Limit Work for Reliable Servers (with examples in Go/gRPC) (evanjones.ca)

[ 2020-August-10 08:56 ]

One of the leading causes of cascading failures in software systems is trying to do too much work at the same time. Many servers, such as the Go HTTP and gRPC servers, will start working on an unlimited number of requests. Unfortunately, if requests arrive faster than they can be processed, a backlog of messages builds up. This eventually causes the server to be killed because it runs out of memory. To build reliable services, we must limit the amount of work that is in progress. This allows servers to survive overload scenarios by rejecting some of the work, rather than exploding. In this article, I’ll briefly describe why this happens, then discuss how to prevent it, with examples for Go HTTP and gRPC servers. (This was originally written for the Bluecore Engineering blog. This is also similar to a previous article looking at mathematical models for smarter queues.)

Why this happens

One model is to think of the server as a pipe with a flow rate corresponding to the maximum requests per second it can process. If responses arrive slower than the capacity, everything flows through happily, as shown in the figure below.

However, if requests arrive faster than they can be processed, the excess flow has to go somewhere. By default, most servers try to process all the requests, which means they queue requests in memory, as shown below. If the overload persists long enough, the server will run out of memory and will be terminated.

Things get even worse with a replicated service, where there are multiple copies of the server. In an overload scenario, eventually one of the servers exceeds its memory limit and is killed, as shown in the figure below on the left. This causes the requests flowing to that server to be redirected to the remaining servers. The remaining servers get even more load, so they also exceed their memory limits, as shown on the right. This is a classic cascading failure, and causes all the servers to get killed as soon as one is overloaded, usually within a few seconds.

Solution: Limit work

A server should reject work when it is overloaded. This allows it to serve some requests correctly, which is much better than not processing any requests. In our pipes analogy, this looks like explicitly rejecting some of the flow, as shown below:

To implement this, you need to check the current number of concurrent requests before doing any work, and reject requests if it is above some threshold. This limit will need to be tuned for each different server. If you set it too high, your server will still fail when it is overloaded. If it is too low, the server will not be able to hit its peak throughput and will waste resources.

When the programs sending the requests get a rejected response, they need to wait before retrying, to reduce the request rate rather than increase it. In extreme cases they need to stop sending requests entirely (see: exponential backoff, back pressure, circuit breakers, addressing cascading failures).

Go HTTP and gRPC servers: Unlimited by default

Unfortunately, the default Go HTTP and gRPC servers accept an unlimited amount of work, so are susceptible to this overload problem. Thankfully, it is easy to implement a limit yourself, using HTTP middleware or a gRPC interceptor (see an example).

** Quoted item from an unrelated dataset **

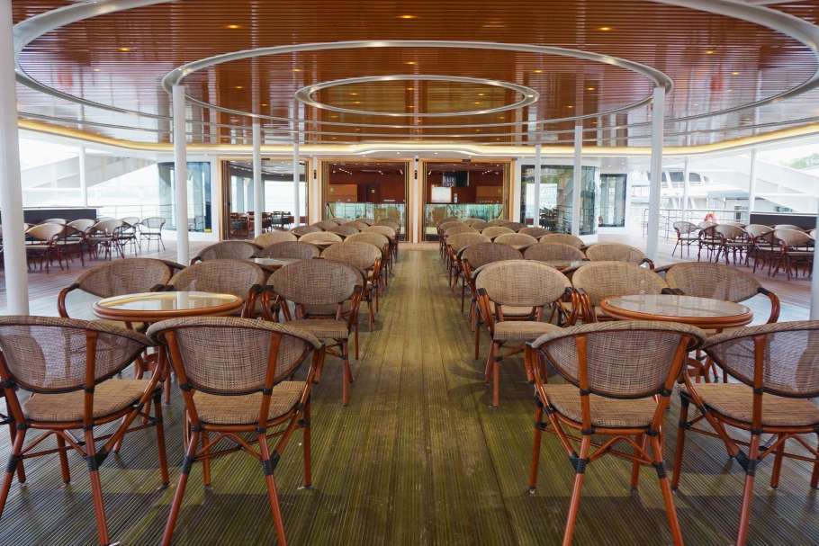 全船共有3层,首层是净空5.4m的无柱豪华大厅、包厢及厨房,二、三层为观光甲板,能满足会议、活动、餐饮等大型水上活动需求。

For a really robust server, you should also limit the number of connections. Each open connection requires some memory, even if it is doing nothing. In particular, Go gRPC server connections are pretty expensive, using approximately 200 kiB of memory in our tests. This means a large number of idle connections can still cause a server to run out of memory, even with a limit on the number of executing requests. You can use netutil.LimitListener to implement a limit, and consider setting the idle connection timeout on the server to a reasonable value, to ensure that connections don’t stay idle for too long.